#### PROBLEM TO WORK ON:
Pictures do not belong in the copy. Write out exactly the lines from the one containing "Refresh your wardrobe" through the end of the data.

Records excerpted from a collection

*** Block opens ***

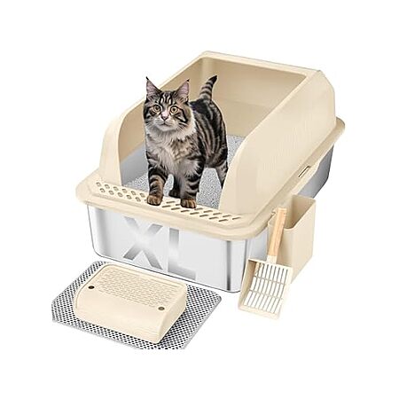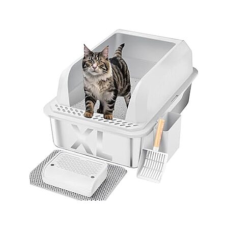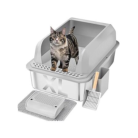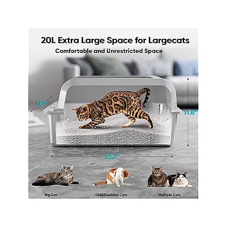 - Extra Large Size: Ideal for large cats, the XL stainless steel litter box (23.7 x 16 x 11.6 inches) has a 20-liter capacity, reducing the need for frequent cleaning. Enjoy up to 30 days of use without worrying about changing litter.
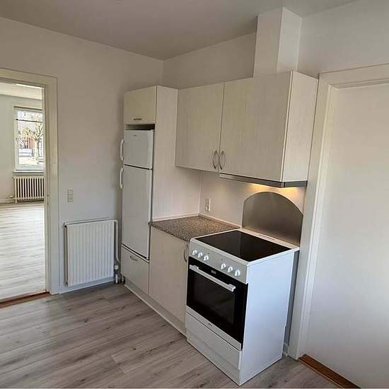 Dejlig 3 værelses lejlighed beliggende centralt i Møldrup. Lejemålet er nyistandsat og beliggende i stueplan. Foruden køkken, med mulighed for lille spiseplads, er der en dejlig regulær stue med gode indretningsmuligheder og 2 rigtig gode værelser. Beliggenheden er meget centralt, kun ca. 100m fra indkøbs-muligheder. P-plads og indgang i gården. Indflytningsdato 01.02. eller 01.03.2026 Kontakt
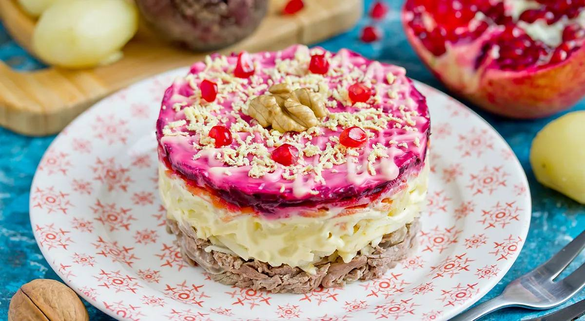 - Слоеный салат с говядиной: Этот салат станет настоящей звездой стола благодаря своему оформлению и насыщенным вкусам.
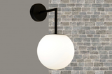 The Bangster wall is a glass globe shade on a 90º arm bracket or an arched arm bracket. Glass shade in option of clear or white glass, and the body comes in the standard finishes of black, white, or polished brass. Custom colours on request.
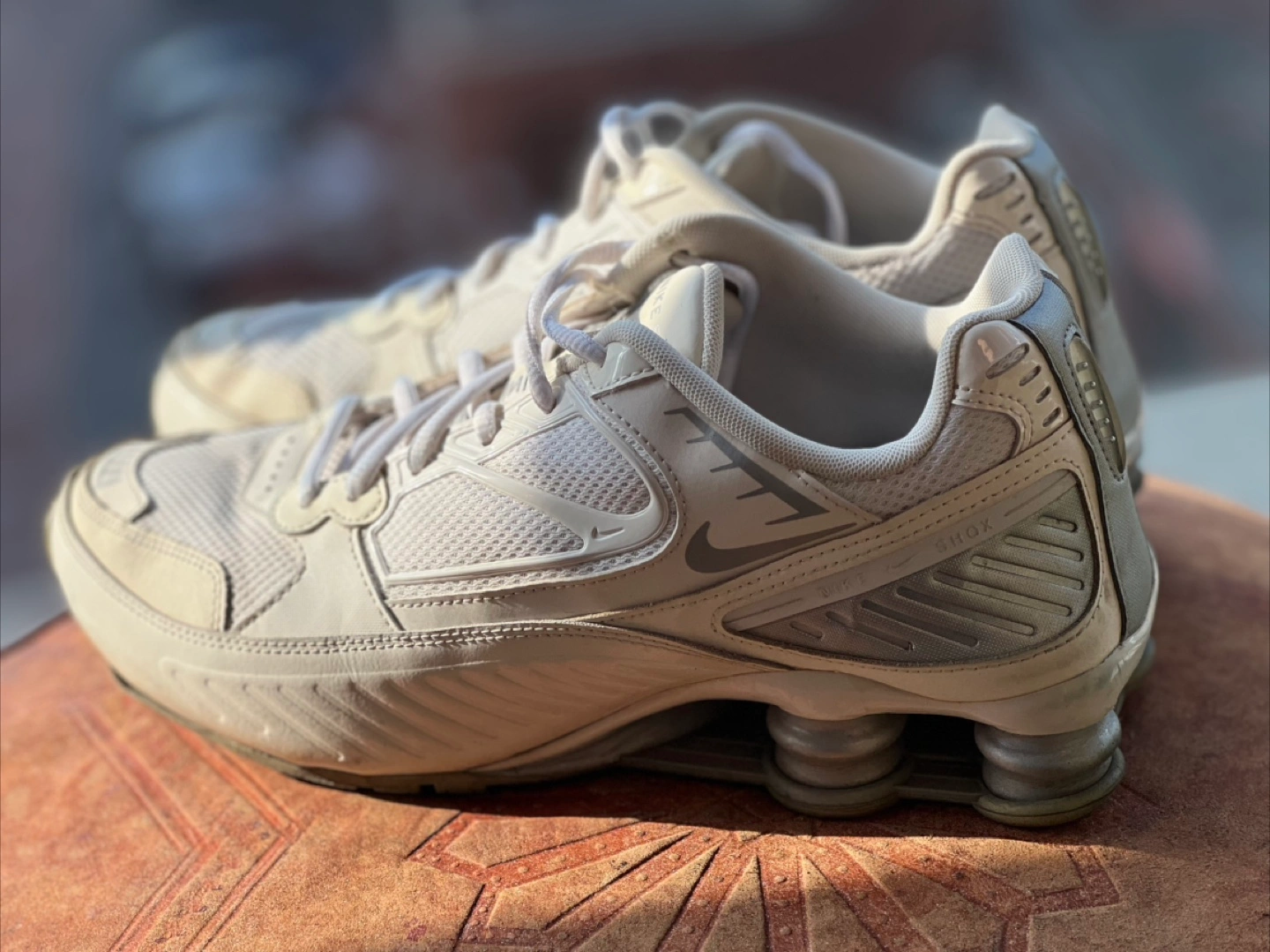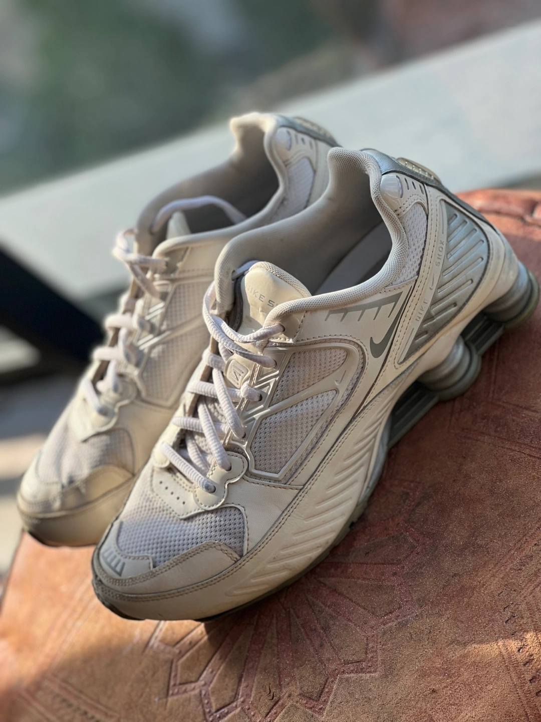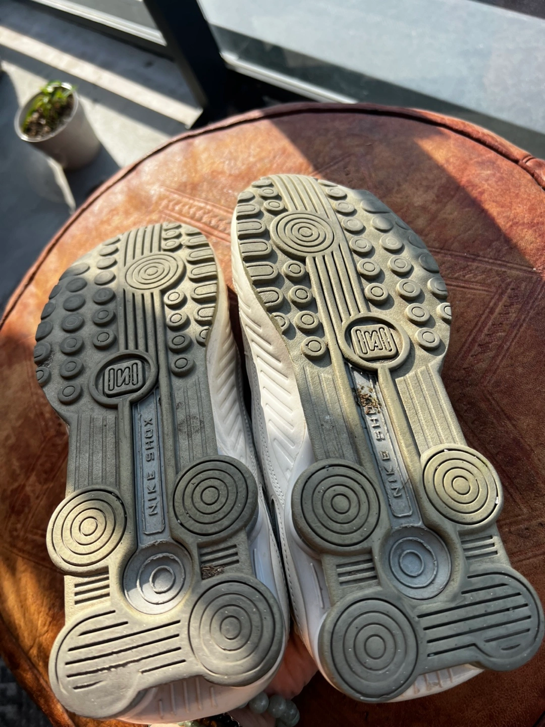 Worn but well cared for. Soles are still in great condition which reflects the price. They sell new for $200. White and silver Nike shox. Features the iconic Nike swoosh. These shoes are casual but make a statement. Very roomy for a size 9 1/2 women’s. Available for pick up near St. Lawrence market.
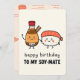 Célébrez votre personne préférée avec cette adorable carte d'anniversaire "Soy-Mate" ! Avec un rouleau de sushi souriant et une bouteille de sauce soja, ce design de style kawaii est parfait pour les couples, les meilleurs amis ou quiconque aime les jeux de mots sur la nourriture. Imprimé avec des couleurs vives et un message ludique : "Joyeux Anniversaire à mon Soy-Mate !" – cela va certainement les faire sourire.
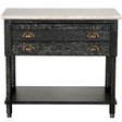 A transitional side table with two drawers and a pull-out writing tray. Timeless brass accents and rich textural contrasts lend versatility to any interior setting.
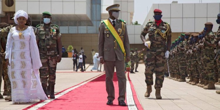 هاجم مسلحان أحدهما يحمل سكينا، الرئيس المالي المؤقت عاصمي غويتا، خلال صلاة عيد الأضحى في المسجد الكبير بالعاصمة باماكو، الثلاثاء.
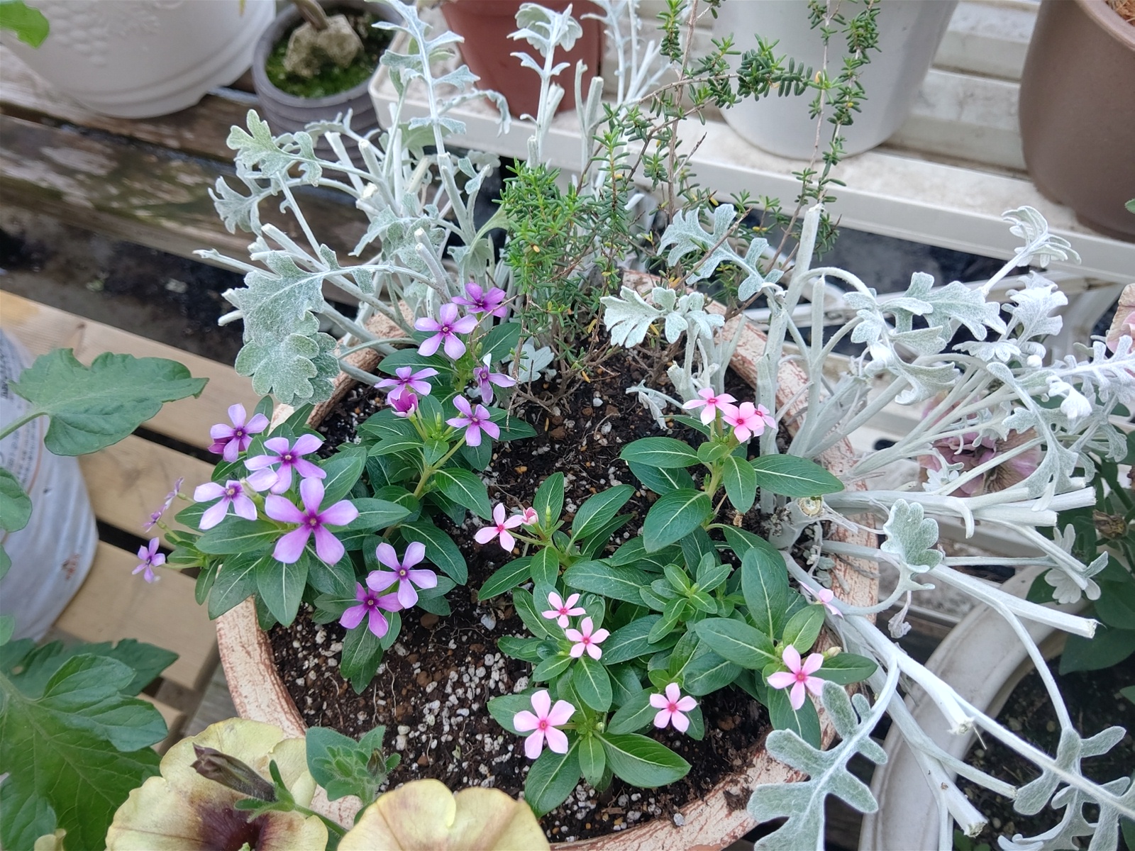 昨日購入したフェアリースターを入れて寄せ植えにしました。
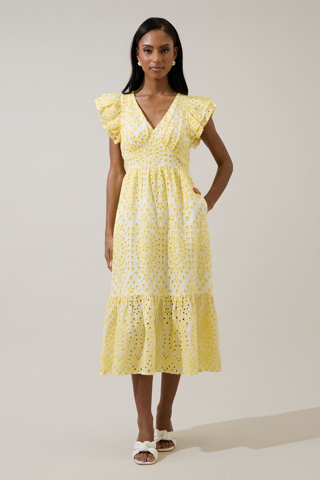 Refresh your wardrobe with this stylish, must-have At Sea Eyelet Zayla Midi Dress. A blue and white eyelet design shape this dress as it features short ruffle cap sleeves followed by a deep v-neckline. Wear it with chunky heels.
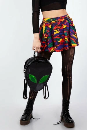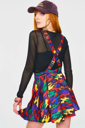 This mini skirt has a multicolored camo print, two side pockets, a relaxed fit, an adjustable belt with snap button closure and it fastens with a zipper at the back.
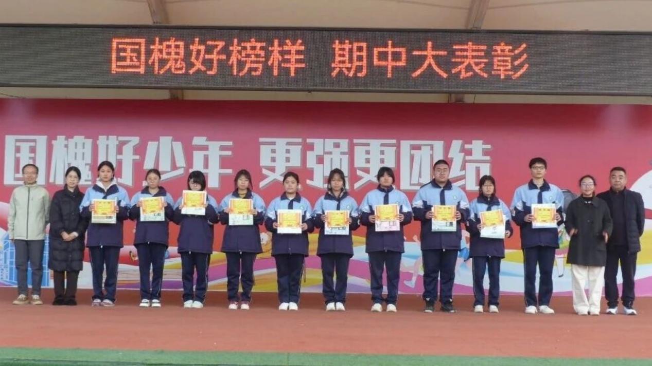 随后,党支部副书记陈西富宣读学生获奖名单。本次表彰设立“国槐标兵”“国槐榜样”“国槐黑马”“国槐领袖”四大荣誉称号,覆盖全学段优秀学子。李欣蕾、岳思琪、胡睿之等获得“国槐标兵”;七年级姜梓怡、八年级刘檬、高一年级马宇浩等获“国槐榜样”;七年级杨皓泽、八年级王俊刚等进步显著的学生获得了“国槐黑马”;“国槐领袖”则由七年级彭镕溥、八年级刘檬、高一年级胡一澄同学获得。

*** Block closes ***

#### WORKED SOLUTION:
 Refresh your wardrobe with this stylish, must-have At Sea Eyelet Zayla Midi Dress. A blue and white eyelet design shape this dress as it features short ruffle cap sleeves followed by a deep v-neckline. Wear it with chunky heels.
 This mini skirt has a multicolored camo print, two side pockets, a relaxed fit, an adjustable belt with snap button closure and it fastens with a zipper at the back.
 随后,党支部副书记陈西富宣读学生获奖名单。本次表彰设立“国槐标兵”“国槐榜样”“国槐黑马”“国槐领袖”四大荣誉称号,覆盖全学段优秀学子。李欣蕾、岳思琪、胡睿之等获得“国槐标兵”;七年级姜梓怡、八年级刘檬、高一年级马宇浩等获“国槐榜样”;七年级杨皓泽、八年级王俊刚等进步显著的学生获得了“国槐黑马”;“国槐领袖”则由七年级彭镕溥、八年级刘檬、高一年级胡一澄同学获得。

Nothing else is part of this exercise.